> **Your objective**
The answer must consist only of the lines in the records below from the line with "Opakowanie zawiera: Mus" to the line with "2022年3月19日上午8:30—12时", both included, copied word for word with every picture left out.
*** Supplied records Section Begins ***
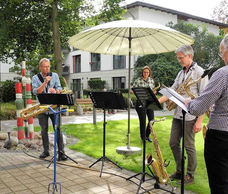 Am 6. September 2020, dem ersten Hofkonzert am Sonntagnachmittag, war das Saxophon-Quartett "Windstärke Sax" erneut zu Gast im Stift. Helle Weidtmann-Leber übernahm den Part von Ulrich Piper. Trotz dunklerWolken und ein paar Regentropfen war es ein wunderbares Klangerlebnis.
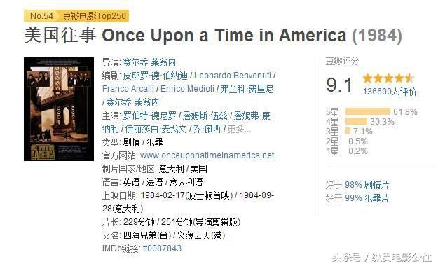 前几天,公社君刚刚回顾了一部经典之作——《美国往事》
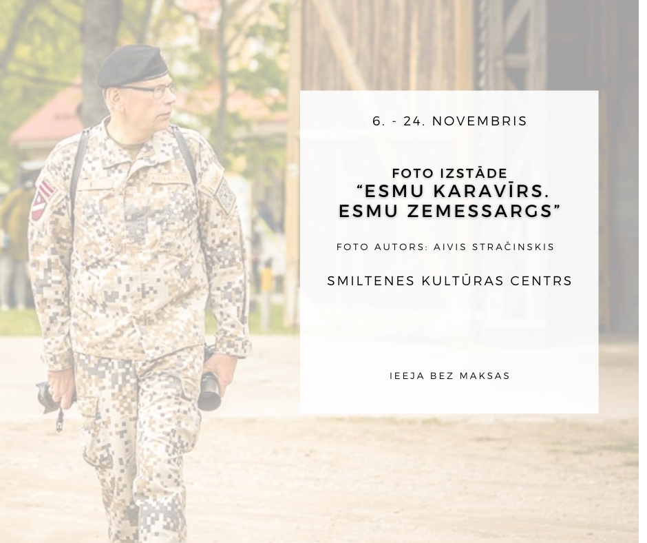 No 6. līdz 24. novembrim Zemessardzes 22. kaujas nodrošinājuma bataljons Smiltenes kultūras centrā aicina apmeklēt vienības veidoto foto izstādi “ESMU KARAVĪRS. ESMU ZEMESSARGS”.
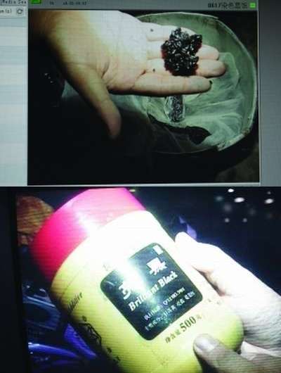 女攤主還現場演示染色的過程給記者看,她從「亮黑」的包裝桶裡挑出一點粉末,然後放在臉盆裡沖出一盆「墨汁」,抓來一把米浸泡其中,僅僅5分鐘後,米粒就染上了淡淡的黑色。
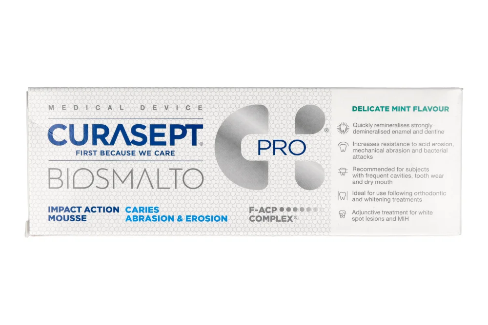 Opakowanie zawiera: Mus Biosmalto PRO 150 ml Curasept, w wybranym wariancie.
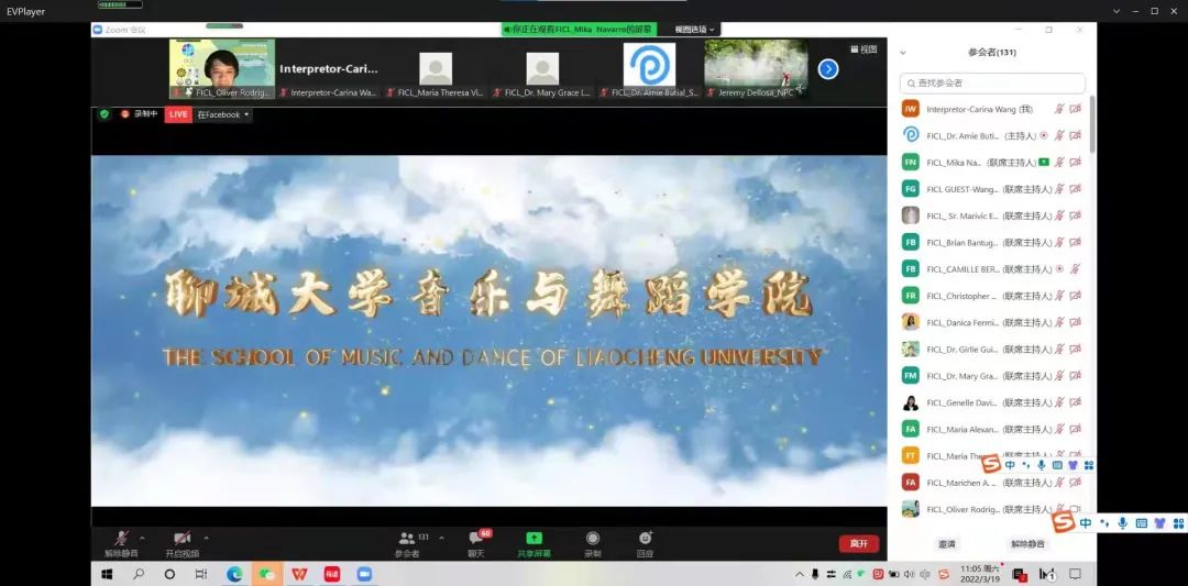 2022年3月19日上午8:30—12时,VSport体育作为菲律宾马尼拉圣保罗大学音乐与表演艺术公司的联合办学方代表,参与主持了圣保罗大学举办的创新合作学习国际论坛(FICL)第三天的会议,会议的主题是:表演、音乐教育和创造性疗法。
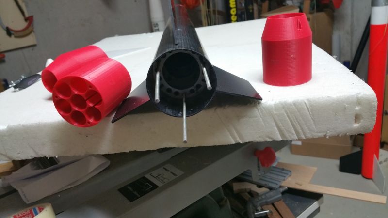 Am Wochenende sind wieder ein paar Teile fertig geworden. Am wichtigsten die Aluspanten, die das Gegenlager der Finnen bilden und gleichzeitig als 38mm Motormount fungieren. Der Kolben für den Fallschirmauswurf als Schutz für das optionale Motorbackup und der Fallschirmcontainer für den Main.
*** Supplied records Section Ends ***
> **Problem solution**
 Opakowanie zawiera: Mus Biosmalto PRO 150 ml Curasept, w wybranym wariancie.
 2022年3月19日上午8:30—12时,VSport体育作为菲律宾马尼拉圣保罗大学音乐与表演艺术公司的联合办学方代表,参与主持了圣保罗大学举办的创新合作学习国际论坛(FICL)第三天的会议,会议的主题是:表演、音乐教育和创造性疗法。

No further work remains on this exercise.